Литмир - Электронная Библиотека

Мун прохромал клубы «Армия и флот», «Оксфорд и Кембридж», «Ройял аутомобил», «Джуниор Карлтон», «Реформ», «Трэвеллерс» и «Атенеум» и вышел на Ватерлоо-Плейс между Крымским монументом и статуей Напьеру, захватившему Синд и отославшему сообщение «Грешен».[20] Снова вспоминая свою историю в попытках восстановить условия и симптомы, которые сделали бомбу естественной частью его бытия, Мун припомнил только беспричинные страхи и обычные комплексы, ныне беспочвенные.

Он словно стал жертвой невероятного заговора, устроенного при его рождении, ведущего его от одной запланированной встречи к другой с единственной целью: вложить ему в руки самодельную бомбу, а в промежутках отравляющего его душевное спокойствие обломками безумного загнивающего общества, распадающегося со скоростью появления бесконечного потомства, заманивая его в состояние паранойи, где бомба становится его личным прибежищем, которое вызовет остановку; извращенный триумф этой шутки кроется в том, чтобы вытолкнуть его за грань, а потом убрать все то, что привело его туда, оставив его в здравом уме и в смятении, человеком, спешащим под дождем на одной здоровой пятке и одном здоровом носке с бомбой в кармане, отсчитывающей последние минуты без возможности отсрочки или надежды на объяснение.

«Или, если взглянуть на это иначе, я запутался, и единственный выход — зашвырнуть ее в реку с середины пешеходного моста Хангерфорд, который, если мне память не изменяет, находится прямо впереди, за Трафальгарской площадью, вниз по Нортумберленд-авеню».

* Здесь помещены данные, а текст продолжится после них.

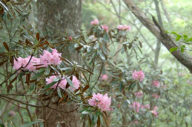 シロヤシオの花も上の方には霧の中にすこし咲き残っていました。
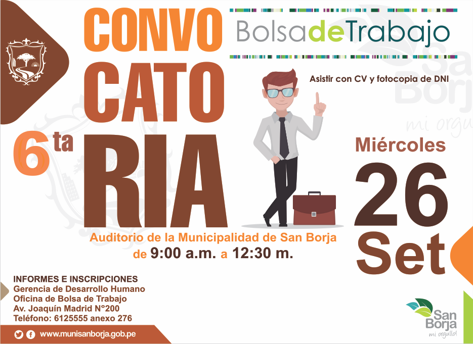 La Municipalidad de San Borja invita a la próxima convocatoria de la Bolsa de Trabajo.
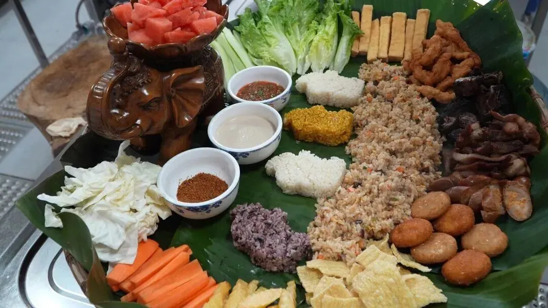 手抓饭配上烤肉和各种蘸料
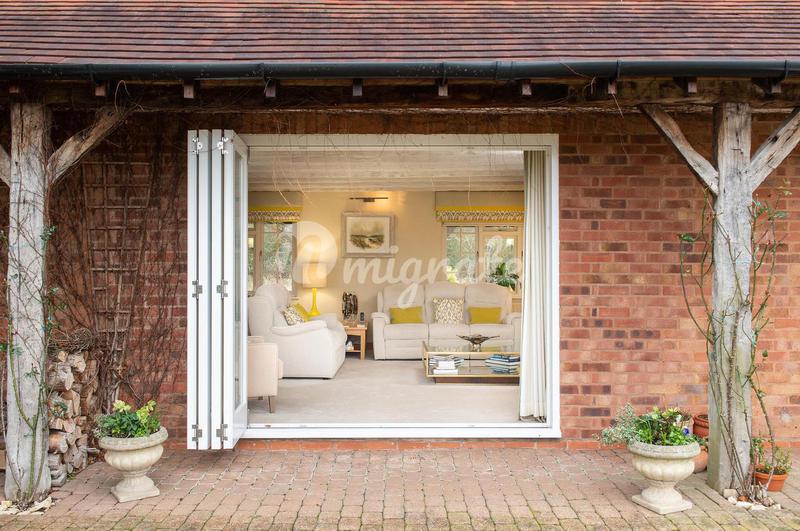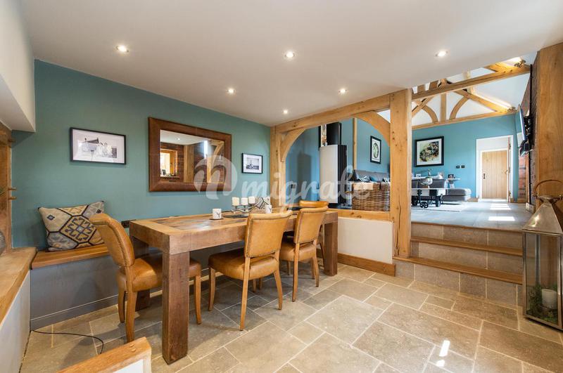Основное преобразование амбара имеет прихожую, просторную гостиную, столовую, кухню/комнату для завтрака и подсобное помещение. Есть четыре спальни с двуспальными кроватями, две ванные комнаты и еще о
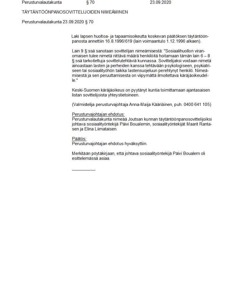 Pöytäkirja 23.09.2020/Pykälä 70
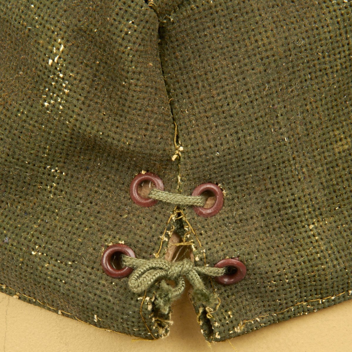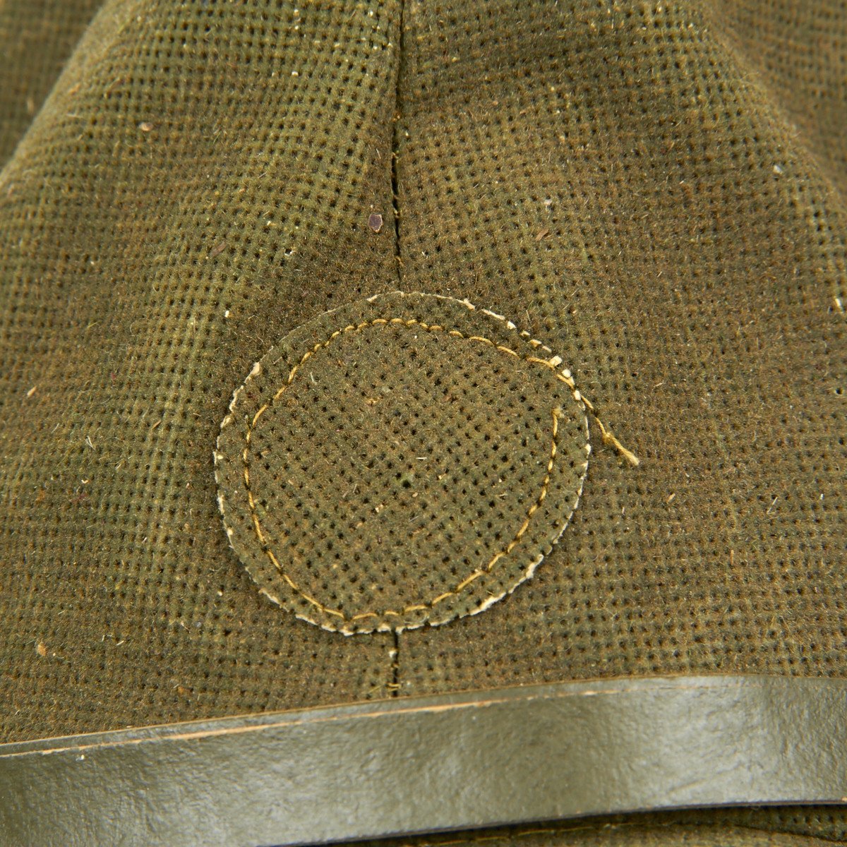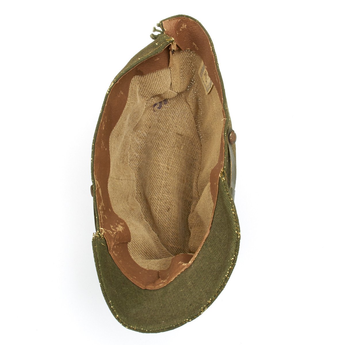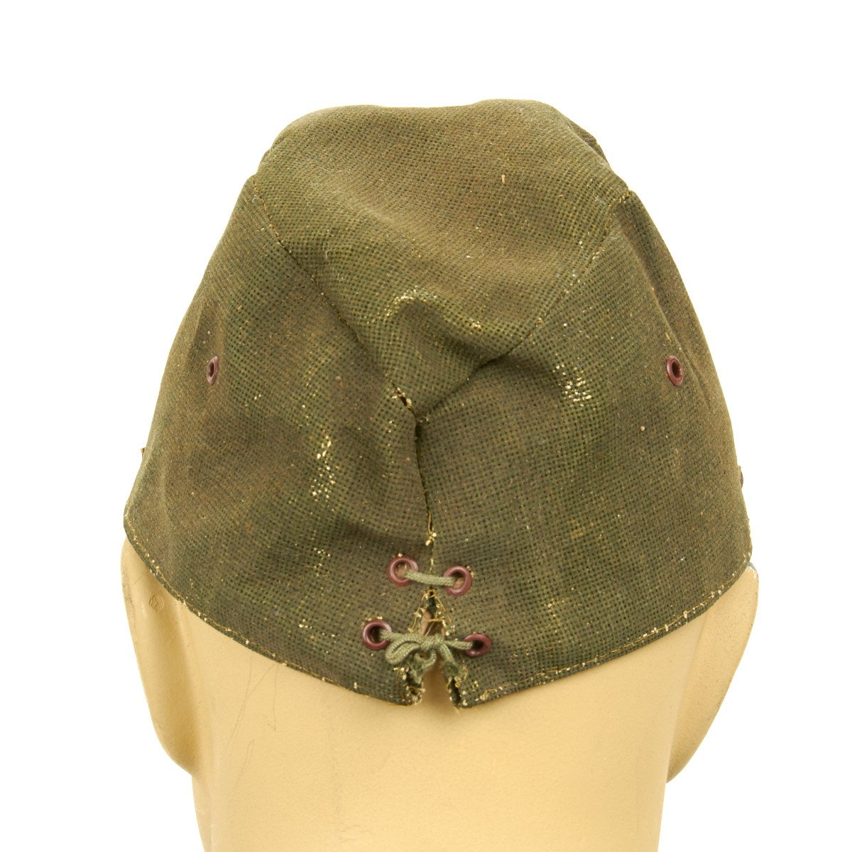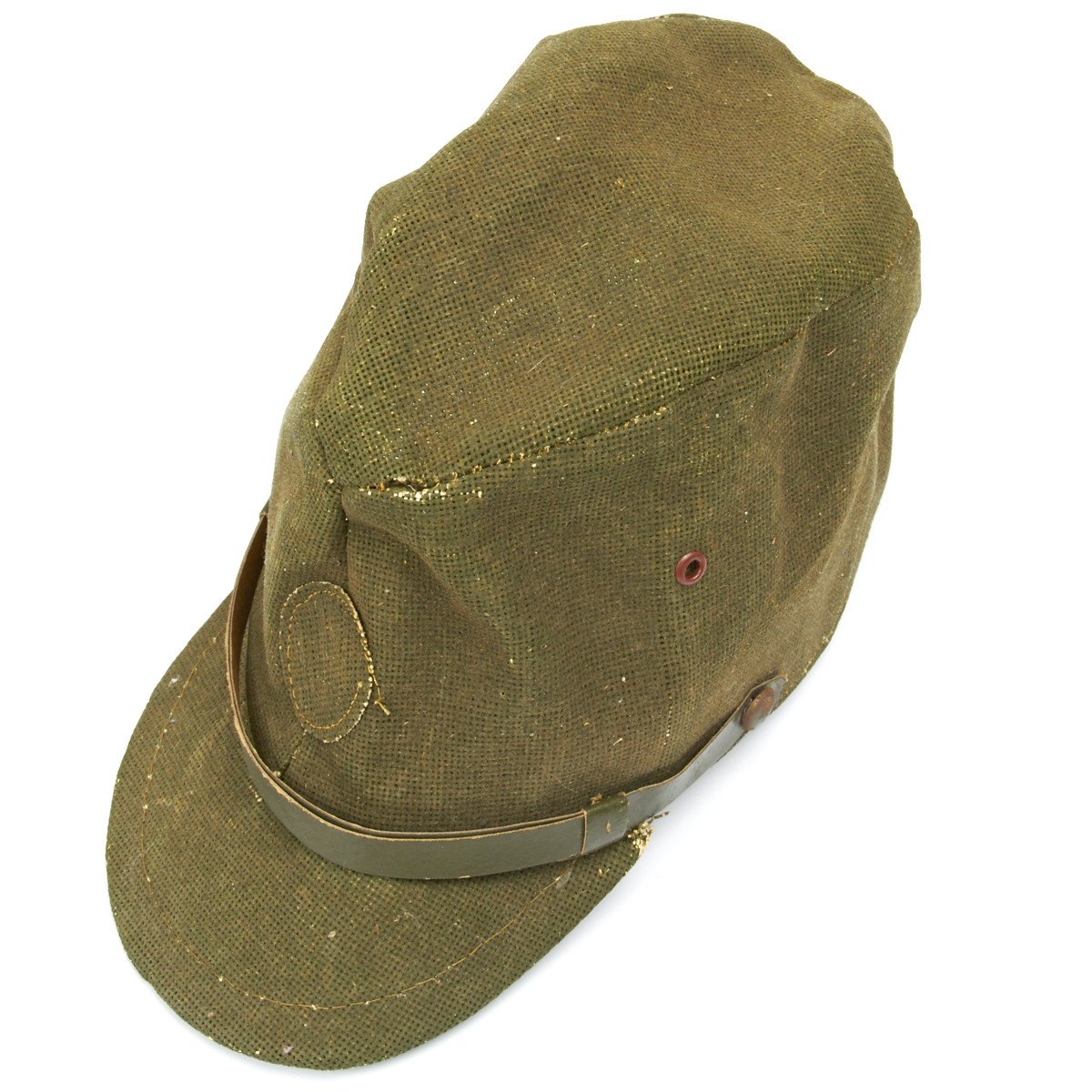 Campaign cap -- Sen-bou -introduced in 1938; manufactured in various materials, it was the most characteristic headgear of the Japanese soldier. It always bears either the yellow star of the Army or the anchor of the Imperial Marines on the front. This example had the star removed and tightens at the rear by means of a lace it is constructed of a hessian' type material and comes complete with original paper label and leather chinstrap.

Дорога заполнялась людьми, вливающимися на нее с Хеймаркета. Не успев дойти до площади, Мун обнаружил, что ему привычно мешают прочие пешеходы. Это немного его успокоило, зато озаботила всеобщая взбудораженность и тот странный факт, что все шли в ту же сторону. Дойдя до площади, он увидел, что ее дальняя сторона запружена вплоть до тротуаров. Плотная охрана тянулась по Стрэнду слева и по Уайтхоллу справа, успешно отрезая ему путь к реке, и на какую-то секунду ему вскружила голову мысль, что десять тысяч правительственных чиновников попросили в субботу выйти на службу, чтобы ему досадить. Затем вдалеке бухнула пушка, заставив голубей взмыть с площади, и он вдруг все понял.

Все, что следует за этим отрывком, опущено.